Australia’s headline CPI fell from 3.8% to three.4% year-on-year in November, prompting merchants to briefly think about the concept of additional RBA easing.
November knowledge from the Australian Bureau of Statistics mirrored broad-based deceleration in worth pressures, with each items and providers inflation moderating.
Key Takeaways
- Headline CPI rose 3.4% year-over-year in November, down from 3.8% in October and marking the bottom studying since mid-2024
- Trimmed imply inflation (core measure) eased to three.2% yearly from 3.3%, the bottom since December 2021
- Month-to-month CPI was flat (0.0%) in authentic phrases however rose 0.2% on a seasonally adjusted foundation
- Housing prices remained the most important contributor to inflation at 5.2% yearly, pushed primarily by electrical energy and rents
- Electrical energy costs surged 19.7% yearly as Queensland state rebates have been exhausted, although the tempo moderated from October’s 37.1% enhance
- Companies inflation eased to three.6% from 3.9%, whereas items inflation slowed to three.3% from 3.8%
Housing continued to exert the strongest upward stress on inflation, contributing 1.12 proportion factors to the general 3.4% annual enhance. Inside the housing class, electrical energy prices rose sharply at 19.7% year-over-year, although this mirrored the depletion of Queensland’s state authorities electrical energy rebate somewhat than underlying worth will increase.
Meals and non-alcoholic drinks noticed costs rise 3.3% yearly, with significantly robust will increase in meat and seafood (3.9%), pushed by beef and veal (11.4%) and lamb and goat (12.3%) as a consequence of sturdy abroad demand.
Hyperlink to official ABS Client Value Index (November 2025)
Transport prices rose 2.7% yearly, with automotive gasoline costs up 3.5% for the 12 months. In month-to-month phrases, gasoline costs jumped 2.5% in November, the strongest month-to-month acquire since June, as common unleaded costs elevated 4.8 cents per liter.
The deceleration in each headline and core inflation, mixed with softer labor market situations, strengthens the case for additional financial lodging. Nonetheless, persistent worth pressures in housing, meals, and providers counsel the central financial institution will seemingly preserve a cautious, data-dependent method somewhat than signaling a predetermined easing path.
The RBA coverage trajectory may nonetheless hinge on providers inflation, which at 3.6% yearly stays elevated and represents extra domestically-generated worth stress that the central financial institution can instantly affect by way of financial coverage.
Market Reactions
Australian Greenback vs. Main Currencies: 5-min
Overlay of AUD vs. Main Currencies Chart by TradingView
The Australian greenback, which had been shifting largely sideways main as much as the CPI launch, had an initially bearish response to the downbeat outcomes. Nonetheless, the foreign money quickly stabilized and proceeded to climb roughly an hour after the numbers have been printed.

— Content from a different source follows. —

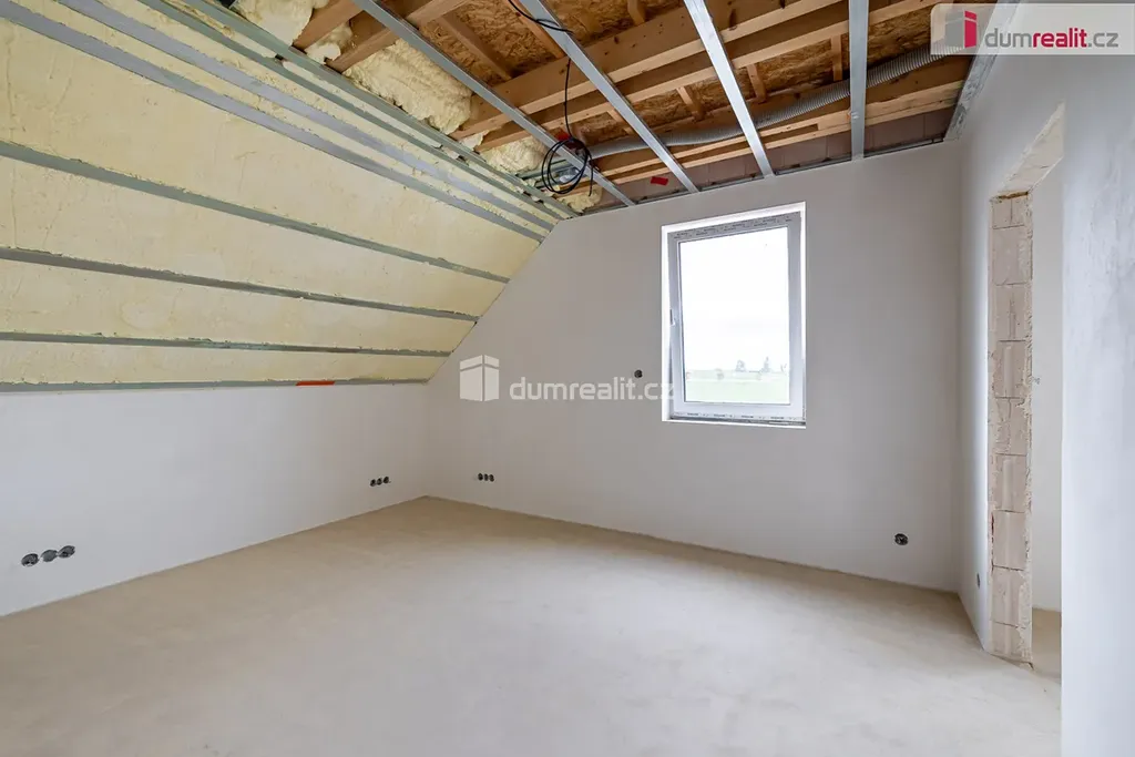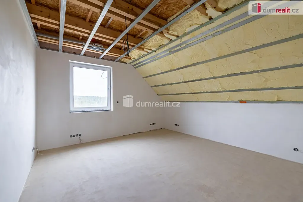 2NP o výměře 84 m²: 3x neprůchozí pokoj z toho jeden se šatnou. Koupelna. Samostatné WC.

A little bit of help might have additionally stemmed from stronger-than-expected constructing approvals knowledge launched on the similar time, in addition to elevated providers inflation that remained effectively above the RBA’s consolation zone.
With that, AUD managed to drag increased throughout the board roughly an hour after the CPI numbers have been printed, bagging respectable pips towards JPY (+0.21%), CAD (0.18%) and NZD (+0.14%) whereas holding on to marginal positive factors versus GBP (+0.06%) and EUR (+0.05%).